The next six problems are based on the following article:
Abstract from Appel et al.
BACKGROUND: It is known that obesity, sodium intake, and alcohol consumption factors influence blood pressure. In this clinical trial, Dietary Approaches to Stop Hypertension, we assessed the effects of dietary patterns on blood pressure.
METHODS: We enrolled 459 adults with systolic blood pressures of less than 160 mm Hg and diastolic blood pressures of 80 to 95 mm Hg. For three weeks, the subjects were fed a control diet that was low in fruits, vegetables, and dairy products, with a fat content typical of the average diet in the United States. They were then randomly assigned to receive for eight weeks the control diet, a diet rich in fruits and vegetables, or a "combination" diet rich in fruits, vegetables, and low-fat dairy products and with reduced saturated and total fat. Sodium intake and body weight were maintained at constant levels.
RESULTS: At base line, the mean (+/-SD) systolic and diastolic blood pressures were 131.3+/-10.8 mm Hg and 84.7+/-4.7 mm Hg, respectively. The combination diet reduced systolic and diastolic blood pressure by 5.5 and 3.0 mm Hg more, respectively, than the control diet (P<0.001 for each); the fruits-and-vegetables diet reduced systolic blood pressure by 2.8 mm Hg more (P<0.001) and diastolic blood pressure by 1.1 mm Hg more than the control diet (P=0.07). Among the 133 subjects with hypertension (systolic pressure, > or =140 mm Hg; diastolic pressure, > or =90 mm Hg; or both), the combination diet reduced systolic and diastolic blood pressure by 11.4 and 5.5 mm Hg more, respectively, than the control diet (P<0.001 for each); among the 326 subjects without hypertension, the corresponding reductions were 3.5 mm Hg (P<0.001) and 2.1 mm Hg (P=0.003).

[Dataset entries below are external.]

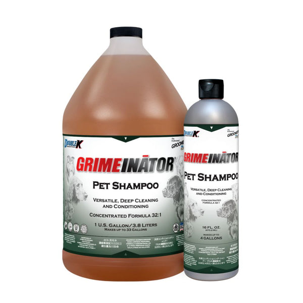 Grimeinator Shampoo is an exceptionally adaptable shampoo that delivers top-tier results on show-quality dogs while effectively cleansing even the most soiled and odor-heavy animals with gentle care. Its formula, enriched with humectants and emollients, nourishes the skin and conditions the coat, making it ideal for frequent use. It leaves fur soft, shiny, and easy to manage. Suitable for dogs, cats, puppies, kittens, as well as various companion and farm animals. Dilutes 32:1.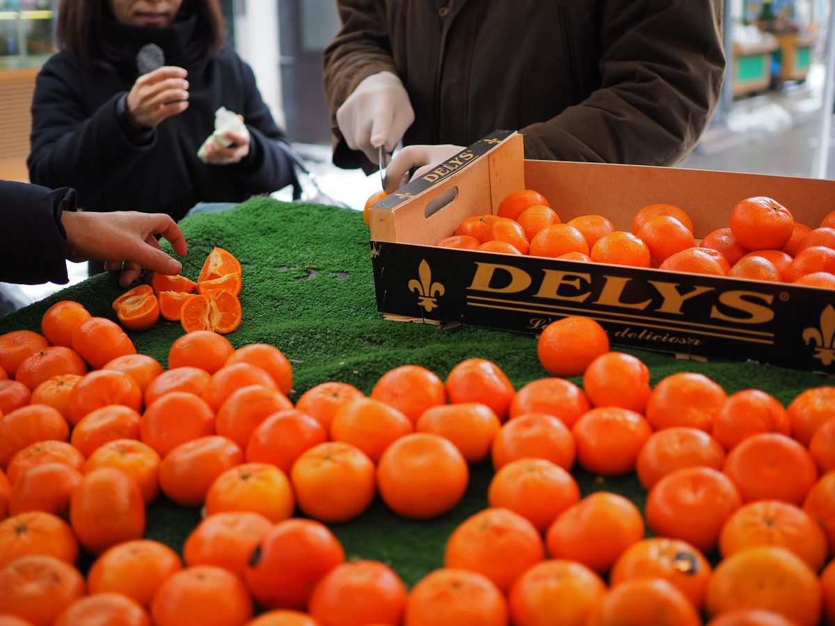 フルーツを試食させてもらえたり、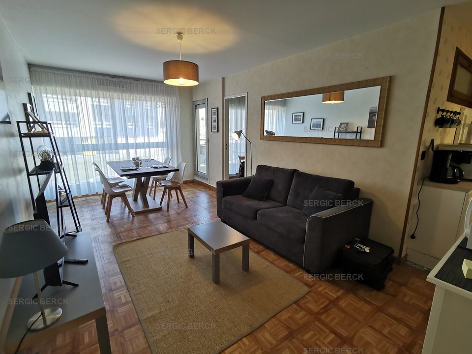 Appartement une chambre pour 4 personnes, situé dans une résidence avec ascenseur. Ce logement vous offre un séjour avec un canapé convertible pour 2 personnes (140), un coin cuisine équipée, une chambre avec un lit 2 personnes (160) qui donne sur une terrasse, une salle de bains avec baignoire, un wc séparé.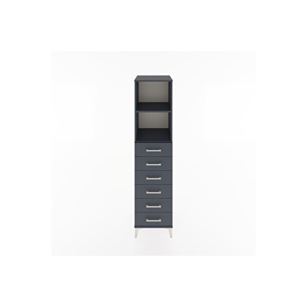 Dienni Mobilya Hyperion Dolap 2 Raflı 6 Çekmeceli 44x44x182 Antrasit-antrasit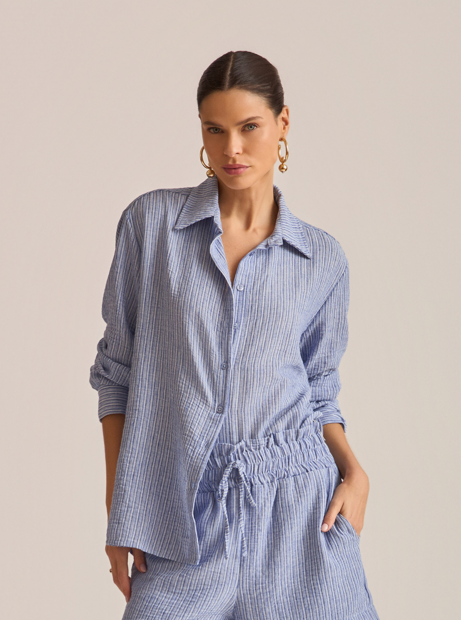 Camisa confeccionada em fio tinto listrado com textura, unindo sofisticação e modernidade em uma proposta atemporal e elegante.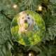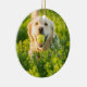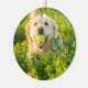 Decorative ceramic ornament with the image of a golden retriever in the fields and a ball in the mouth.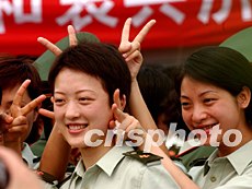 參加北京小湯山戰(zhàn)地醫(yī)院抗疫會戰(zhàn)的解放軍三軍白衣戰(zhàn)士,完成任務后拍照留念,六月中下旬準備分批撤離。中新社記者:賈國榮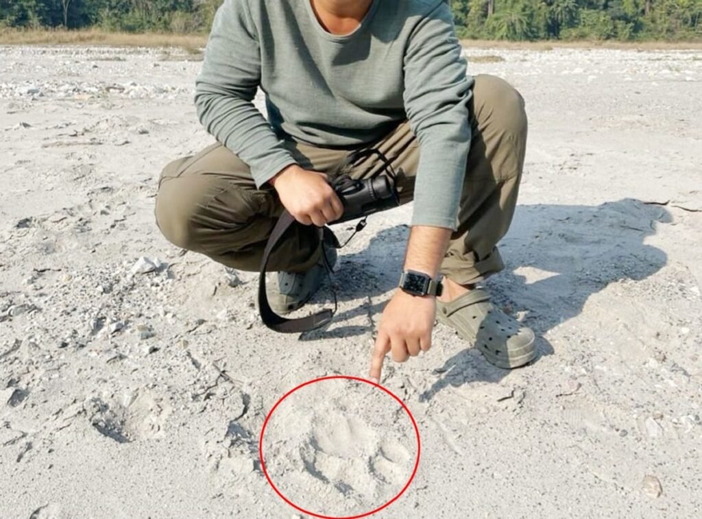 बक्सा बाघ परियोजनाको जङ्गलमा बाघको पाइला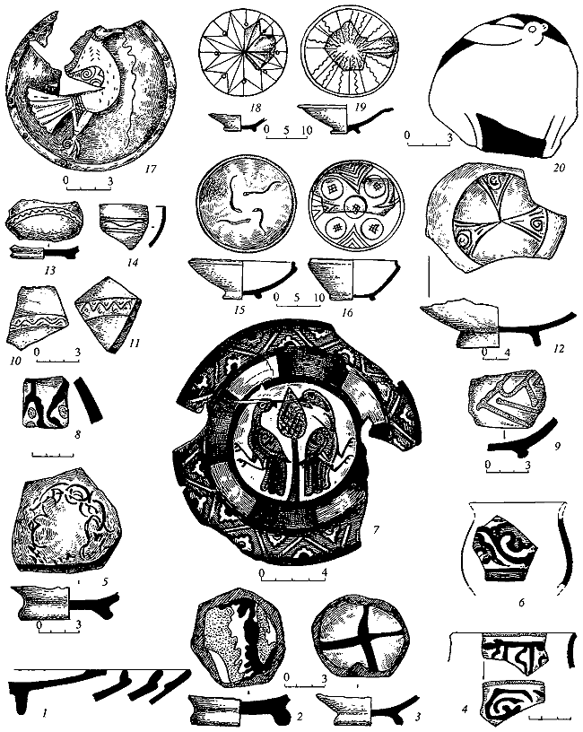 1 – венчики белоглиняных блюд с пятнистой зеленой поливой; 2, 3 – донца белоглиняных чашечек с подглазурной трехцветной росписью под прозрачной поливой; 4 – стенка белоглиняной чашечки с подглазурной росписью черным контуром и подцветкой зеленым и желтым; 5 – донце белоглиняной чашечки с лозой, исполненной пурпурным контуром и подцветкой желтым и зеленым под прозрачной поливой; 6 – стенка белоглиняной чашечки с исполненной черным контуром виноградной лозой с подцветкой желтым и зеленым; 7 – блюдо белоглиняное с пятицветной контурной росписью под прозрачной поливой с изображением двух птиц по сторонам древа жизни; 8 – стенка сосуда из красной глины с росписью коричневым и зеленым цветами по непрозрачной ярко-желтой поливе; 9 – фрагмент поддона белоглиняной чашечки с росписью в виде полос и зигзагов темно-зеленого тона и прожилками красного ангоба («красной пестротой») под прозрачной поливой; 10, 11 – обломки стенок красноглиняных блюд с орнаментом граффито под прозрачной глазурью; 12 – фрагмент поддона красноглиняной чаши с орнаментом граффито под прозрачной глазурью; 13, 14 – поддон и стенка красноглиняных чаш с орнаментом граффито под желтой кроющей поливой; 15 – чаша красноглиняная с четырьмя змеями, выполненными в технике граффито под желтой кроющей поливой (реконструкция); 16 – чаша красноглиняная с орнаментом граффито под желтой кроющей поливой (реконструкция); 17 – чаша красноглиняная с изображением птицы в технике граффито под прозрачной кроющей поливой; 18, 19 – чаши красноглиняные с геометрическим орнаментом в технике граффито под прозрачной кроющей поливой (реконструкция); 20 – днище чаши красной глины с изображением зайца (в выемчатой технике – «в резерве»).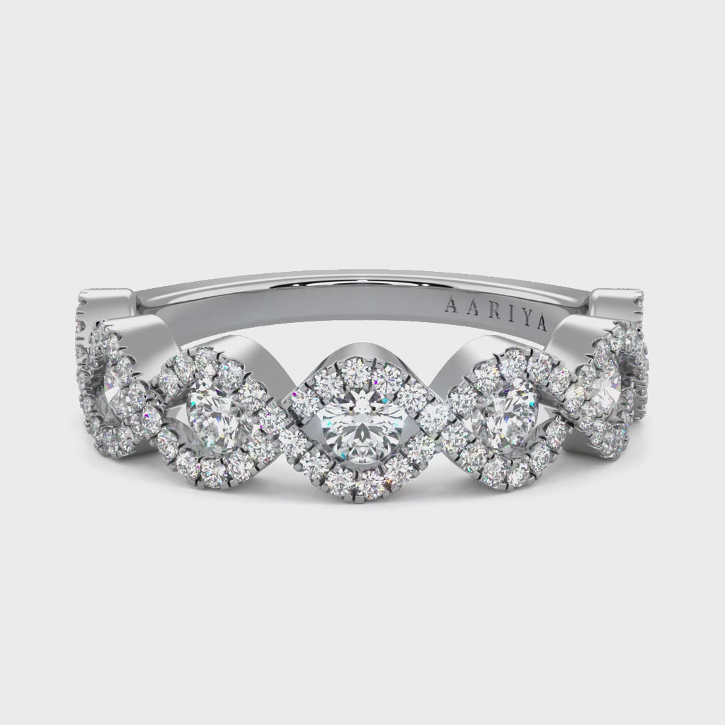 Our crossover design wedding band features a captivating interplay of of round diamonds that intersect. Each crossover has a slightly larger round diamond in the centre for optimal opulence.The careful arrangement of these stones creates a harmonious balance between modern sophistication and traditional elegance.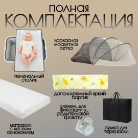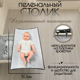 Пеленальный столик крепится прямо на бортики кроватки, что делает процесс ухода за ребёнком удобнее.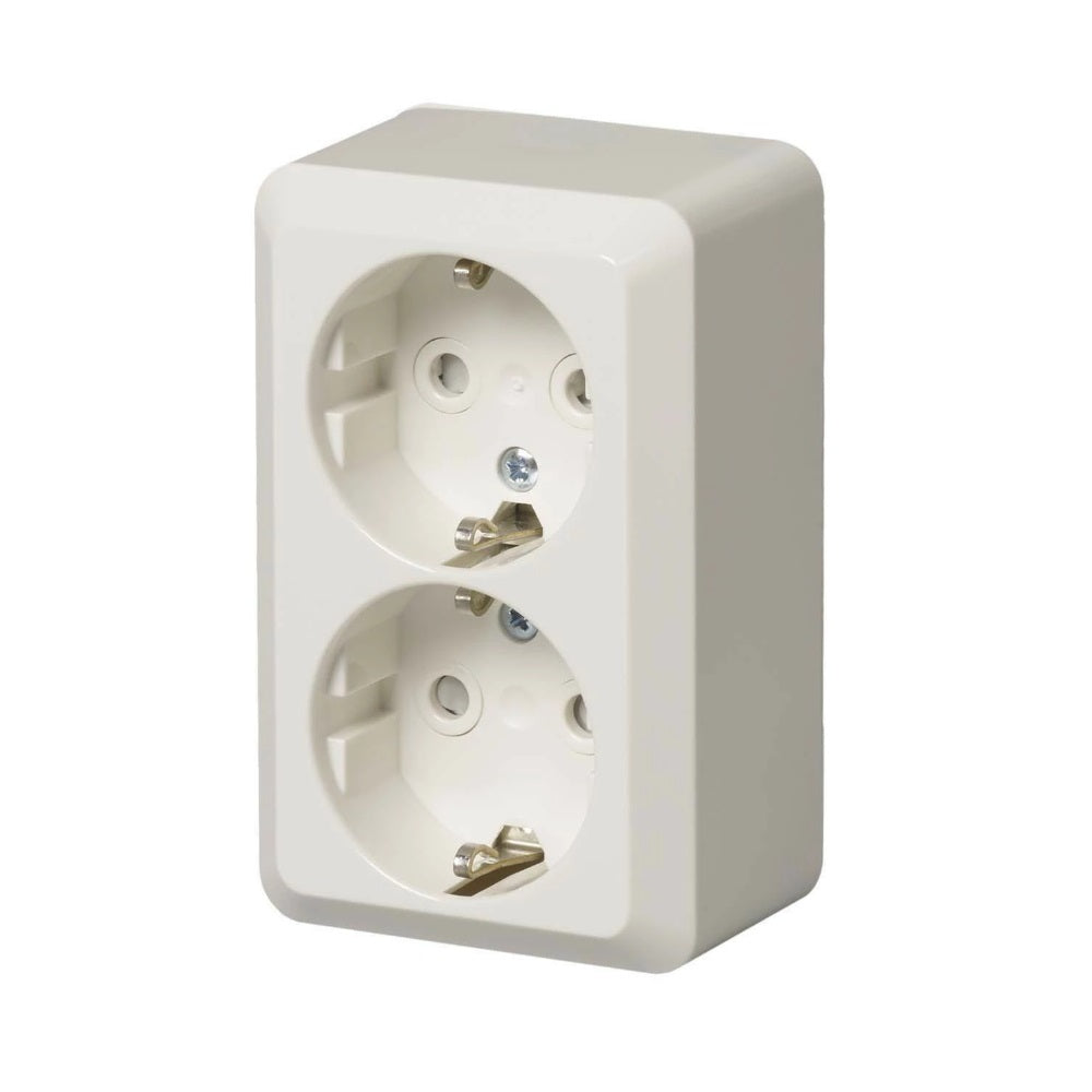 ABB Jussi-sarjan pinta-asennettava 2-osainen pistorasia. Pistorasiassa on liittimet kutakin kosketinta kohden ja niihin voi kytkeä max 4 johtoa (haaroitusmahdollisuus). Liittimet on hyväksytty ML ja MK johtimille. Ei potentiaalivapaita liittimiä. Lapsisuojat on integroitu pistorasian runkoon.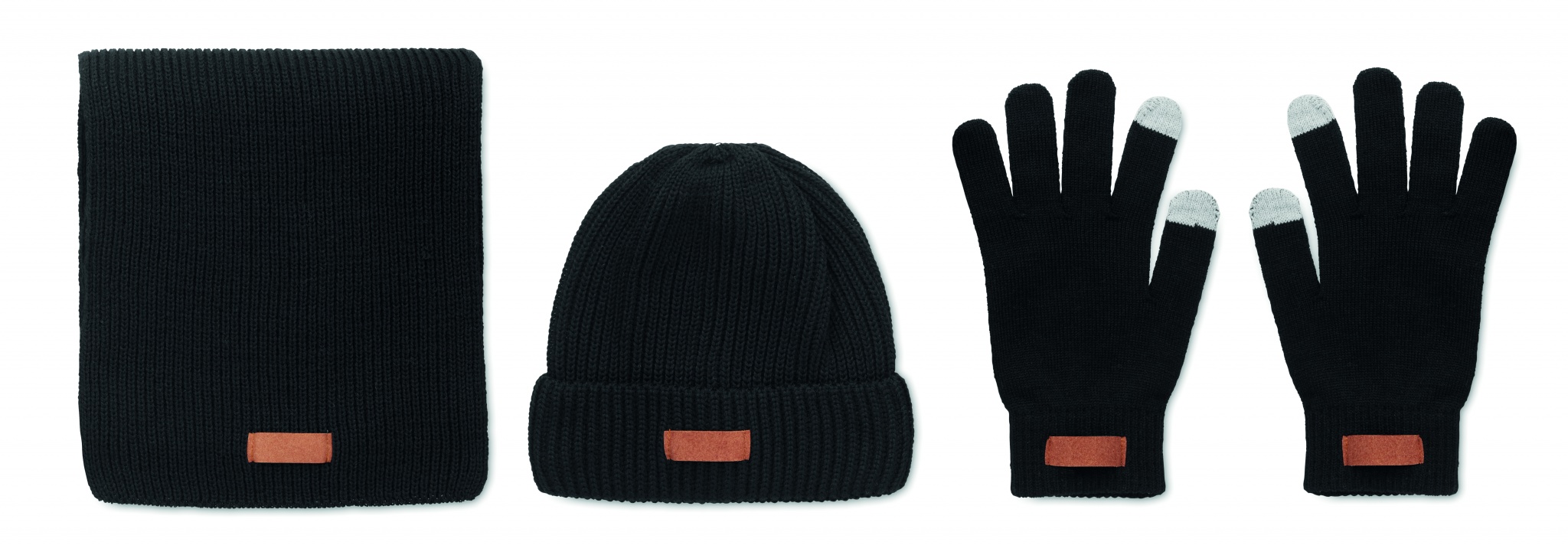 Logo trade firmakingituse pilt: Talvekomplekt taaskasutatud materjalist, kindad, müts ja sall
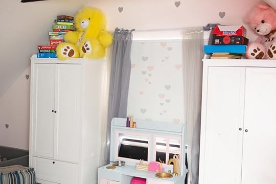 Siis aga kirjutas mulle ettevõte nimega Print Decor, kes tegelikult rohkem keskenduvad lastetubadele ja erinevate piltidega ruloodele, mis lapsi rõõmustada võiksid. Tjah, ega meil lastetoas oli ka ainult õhukene kardin, aga kuna seal ju ometi kellelgi magada ei kõlba, siis seal ei olnud ruloo ammugi hädavajalik. Igatahes läks nii, et saime Print Decorilt kingituseks kahed rulood. Nii lastetuppa kui ka meie magamistuppa. Valida oleksime võinud midagi nende disaineri tootevalikust, aga kuna nad pakuvad ka võimalust ise täpselt näidata, millist mustrit sa soovid, siis kasutasime me seda ära. Lastetuppa tuli hallide ja roosade südametega valge ruloo, mis sobib kenasti seinaga.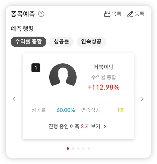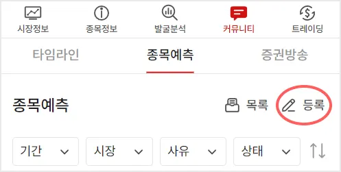 ※ 한번 등록한 종목예측은 삭제/수정이 불가능하며 수익률, 승률 등 실력지표에 반영되므로 신중히 등록해주시기 바랍니다.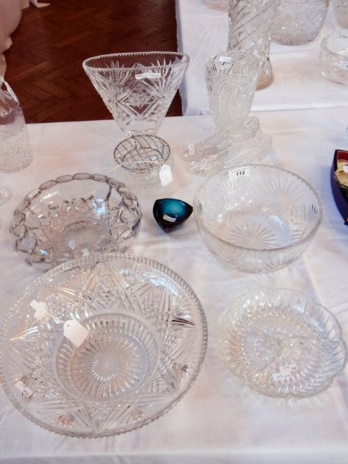 Three large cut glass bowls and other cut glass objects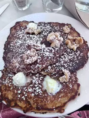 Lovely spot with nice big windows. Cozy quarters, but comfortable. Banana Nut Pancakes were extraordinary delicious and reasonably priced. Definitely recommend! Basic coffee, tea or mimosas:)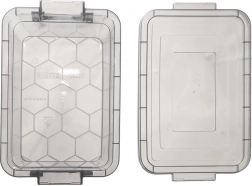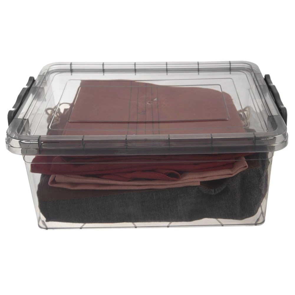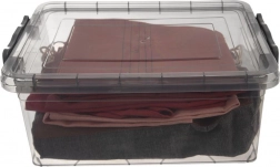 Cutie universală din plastic, cu un volum de 14 l, dotată cu capac sigur cu cleme, ideală pentru depozitarea alimentelor, a hainelor și a obiectelor mărunte. Datorită execuției transparente, gri închis, poți vedea ușor conținutul fără a deschide. Materialul este fără BPA, rezistă la temperaturi de la -25 °C la +95 °C, este compatibilă cu mașina de spălat vase, cuptorul cu microunde (fără capac), frigiderul și congelatorul. Capacul cu două cleme protejează conținutul împotriva umidității și prafului și permite transportul în siguranță.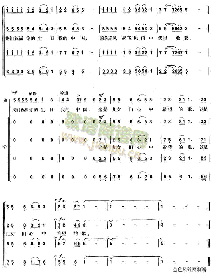 [九字歌谱]十月是你的生日中国[合唱曲谱] 未知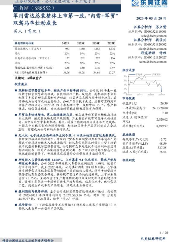 【东吴证券】【20230520】军用雷达总装整体上市第一股,“内需+军贸”双驾马车拉动成长-30页 行业研究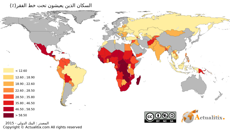 خط الفقر الدولي: هو عبارة عن النسبة المئوية للسكان الذين يقل دخل الفرد منهم عن دولار امريكي واحد في اليوم، وبحسب مقياس آخر دولارين في اليوم , ويعد هذا المؤشر مقياساً لنسبة السكان الذين لا يتمكنون من توفير الاحتياجات الاساسية لأسرهم, كما يساعد في المقارنة بين الدول في مجال تخفيض عدد الافراد الذين يعيشون في فقر مدقع , وفي اواخر التسعينيات قدر عدد الذين يعيشون على دولار واحد في العالم بنحو 3,1 مليار نسمة.

CONCLUSIONS: A diet rich in fruits, vegetables, and low-fat dairy foods and with reduced saturated and total fat can substantially lower blood pressure. This diet offers an additional nutritional approach to preventing and treating hypertension.
- 1.What type of study is this?
- 2.What was the purpose of the trial?
- 3.Losing weight causes blood pressure to drop. Why do you think the investigators made an effort to keep participants’ weight stable in this trial?
- 4.What was the purpose of randomization in this study (i.e. why is randomization done)?
- 5.How would you evaluate whether randomization “worked” or not?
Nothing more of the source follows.